Troubleshooting During NAVA

• The patient develops respiratory distress and oxygen requirement increasing

1. Catheter malposition
2. Upper airway obstruction
3. Exceeding pressure limit
4. High Edi (under-supported ventilation)
5. Not enough Backup pressure

• Edi monitoring (Figure 2)

Complications

There are no specific complications to NAVA ventilation mode use. However, it can cause the same complications as other mechanical ventilator modes, such as ventilator-induced lung injury, ventilator-induced diaphragmatic dysfunction, ventilator-induced pneumonia, and pneumothorax. The chances of ventilator-induced lung injury and ventilator-induced diaphragmatic dysfunction are less with NAVA as delivery of pressure is proportional to the patient’s efforts, and reports have shown the lower need for PIP when using NAVA.

Clinical Significance

As mentioned earlier, NAVA was aimed to overcome the limitation of limitations of proportional assisted ventilation. However, NAVA has several potential benefits.

• Patient-ventilator synchrony: Mechanical ventilator synchrony depends on two factors- the timing of the mechanical breath delivery and the amount of pressure from a ventilator. There is a delay in diaphragm activity (signaled from the brain) and ventilator response in the flow trigger ventilator. However, NAVA delivers mechanical breath when the diaphragm receives a signal from the brain. Beck et al. and Breatnach et al. reported improved patent-ventilator synchrony during their NAVA trial in infants and children. It decreases the discomfort and agitation in patients while improving synchrony. Synchronized respiratory efforts have been associated with improved ventilation and oxygenation.[11][12] Improved synchronization will prevent further lung injury by limiting barotrauma and volutrauma. Improved synchrony also leads to decreased use of sedation (opioids)

• Air leaks: Air leaks are very common in both invasive and non-invasive ventilation. Although, leaks can be minimized by choosing the proper size endotracheal tube (cuffed or uncuffed) and compensating circuit in ventilators. Air-leak can be a bigger problem in non-invasive ventilation. It has shown that NAVA continues to trigger effectively even in the presence of 75% air leaks.[10][13]

• Benefits in preterm infants: In recent years, the use of NAVA has been increased and studied extensively in both preterm and term infants. Kallio et al. compared NAVA with conventional ventilators in preterm infants (28 to 36 weeks GA) and showed lower PIP needs in infants treated with NAVA, but the difference in the secondary outcomes such as bronchopulmonary dysplasia, time on mechanical ventilation, or pneumothorax.[14] In a multi-center retrospective review, NAVA was found to be successful as respiratory stability in 67% of the infants with severe BPD.[15] Thus, NAVA can also be used safely in premature infants. However, a well-designed randomized controlled trial is required to assess the long-term effectiveness of NAVA ventilation in terms of reducing the incidence of BPD.
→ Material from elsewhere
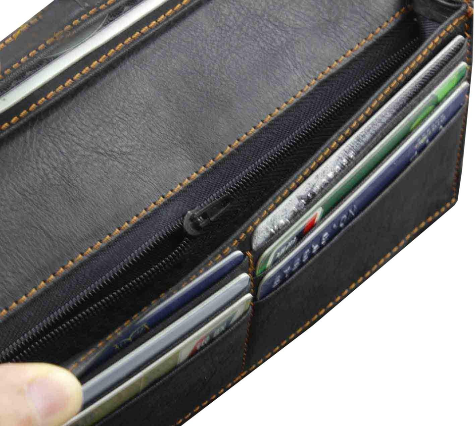 The Vogueteen Men's Black Leather Biker Wallet with Chain and Concho Design is the perfect accessory for those who appreciate both style and functionality. Crafted from genuine leather, this wallet combines durability with a sleek aesthetic, making it suitable for everyday use or special occasions. With an impressive array of storage options, including 11 card slots, an ID window, a zip pocket, and two cash pockets, this wallet is designed to keep your essentials organized while maintaining a compact profile. The included chain adds an extra layer of security, ensuring that your wallet stays close at hand while you ride or move about your day.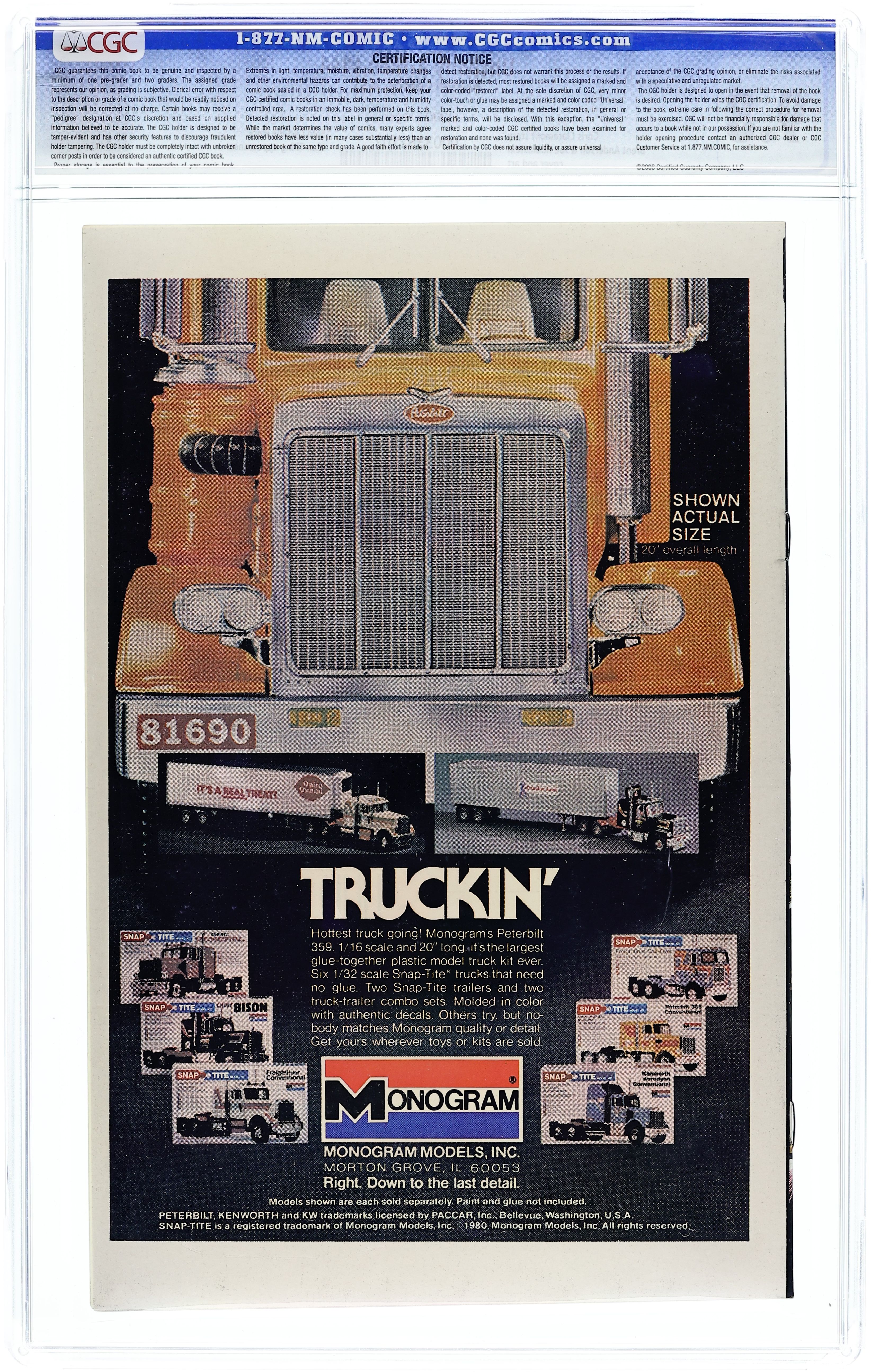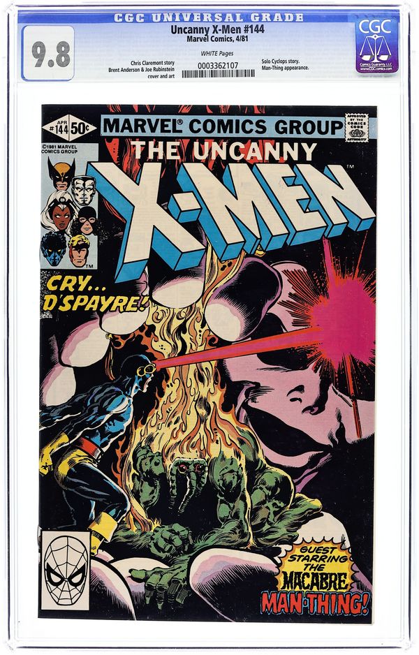 Direct Edition. "Even in Death!" Guest-starring the Man-Thing. Story by Chris Claremont. Art by Brent Anderson and Joe Rubinstein. Cyclops faces his fears in this macabre tale featuring the Man-Thing and the sinister D'Spayre. 36 pgs. Cover price $0.50. Grade: CGC 9.8 explanation of grade Condition: Used (collectible)

• Non-invasive mode: Non-invasive NAVA works exactly the same as invasive NAVA, but ventilation is delivered via nasal prongs or a mask. Non-invasive NAVA has shown to be effective even in the settings of high leaks.[13] (19218884). When infants extubated to non-invasive NAVA ventilation, infants remained extubated longer and required lower PIP as compared to non-invasive pressure ventilation.[16] Setting up non-invasive NAVA and other monitoring approaches remains the same as invasive NAVA.

Enhancing Healthcare Team Outcomes

Like any other ventilators, NAVA also requires close coordination of physicians, registered nurses, and respiratory therapists for better management. Proper teaching and guidance are required before its implementation in any intensive care unit. Although NAVA has shown some promising results in few studies, larger studies are required for its widespread use. Proper monitoring, documentation, and trending ventilator data are required for better outcomes in the given patients.